Safety risks for patients with aspirin-exacerbated respiratory disease after acute exposure to selective nonsteroidal anti-inflammatory drugs and COX-2 inhibitors: Meta-analysis of controlled clinical trials

    loading  Checking for direct PDF access through Ovid

Abstract

Background:

Nonsteroidal anti-inflammatory drugs (NSAIDs) cause bronchospasm in susceptible patients with asthma, often termed aspirin-exacerbated respiratory disease (AERD), with the risk being greatest after acute exposure.
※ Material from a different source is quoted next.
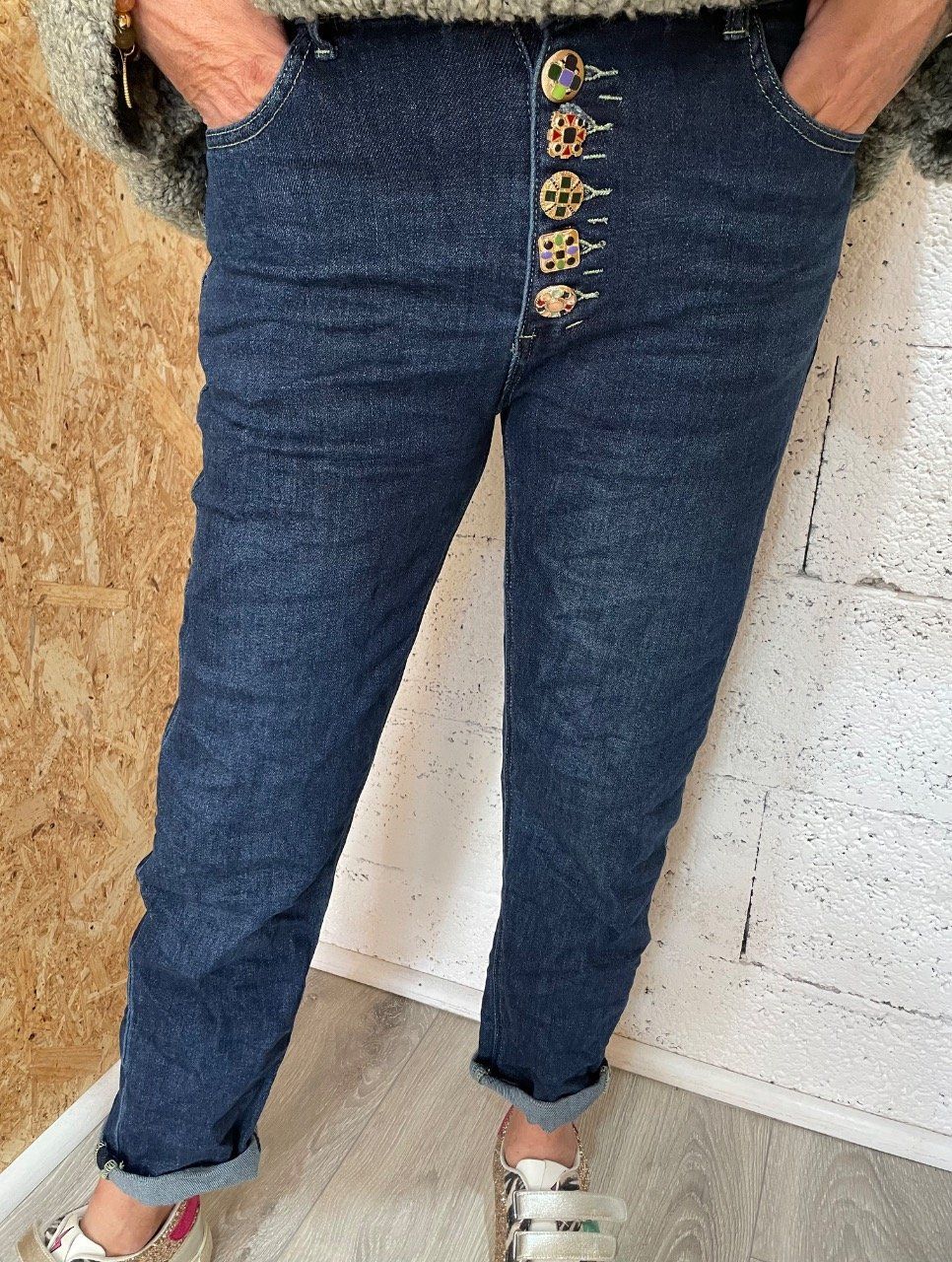 Jean fermeture boutons bijoux.

Selective NSAIDs that preferentially inhibit COX-2 might be safer.

Objective:

We sought to systematically evaluate changes in symptoms and pulmonary function after acute selective NSAID or COX-2 inhibitor exposure in patients with the AERD phenotype.

Methods:

A systematic review of databases was performed to identify all blinded, placebo-controlled clinical trials evaluating acute selective NSAID or COX-2 inhibitor exposure in patients with AERD. Effect estimates for changes in respiratory function and symptoms were pooled by using fixed-effects meta-analysis, with heterogeneity investigated.

Results:

No significant difference in respiratory symptoms (risk difference, −0.01; 95% CI, −0.03 to 0.01;P= .57), decrease in FEV1 of 20% or greater (RD, 0.00; 95% CI, −0.02 to 0.02;P= .77), or nasal symptoms (RD, −0.01; 95% CI, −0.04 to 0.02;P= .42) occurred with COX-2 inhibitors (eg, celecoxib). Selective NSAID exposure caused respiratory symptoms in approximately 1 in 13 patients with AERD (RD, 0.08; 95% CI, 0.02 to 0.14;P= .01). No significant differences were found according to leukotriene antagonist exposure or whether NSAIDs were randomly allocated.

Conclusion:

According to clinical trial evidence in patients with stable mild-to-moderate asthma with AERD, acute exposure to COX-2 inhibitors is safe, and selective NSAIDs exhibit a small risk. Thus COX-2 inhibitors could be used in patients with AERD or in patients with general asthma unwilling to risk nonselective NSAID exposure when oral challenge tests are unavailable.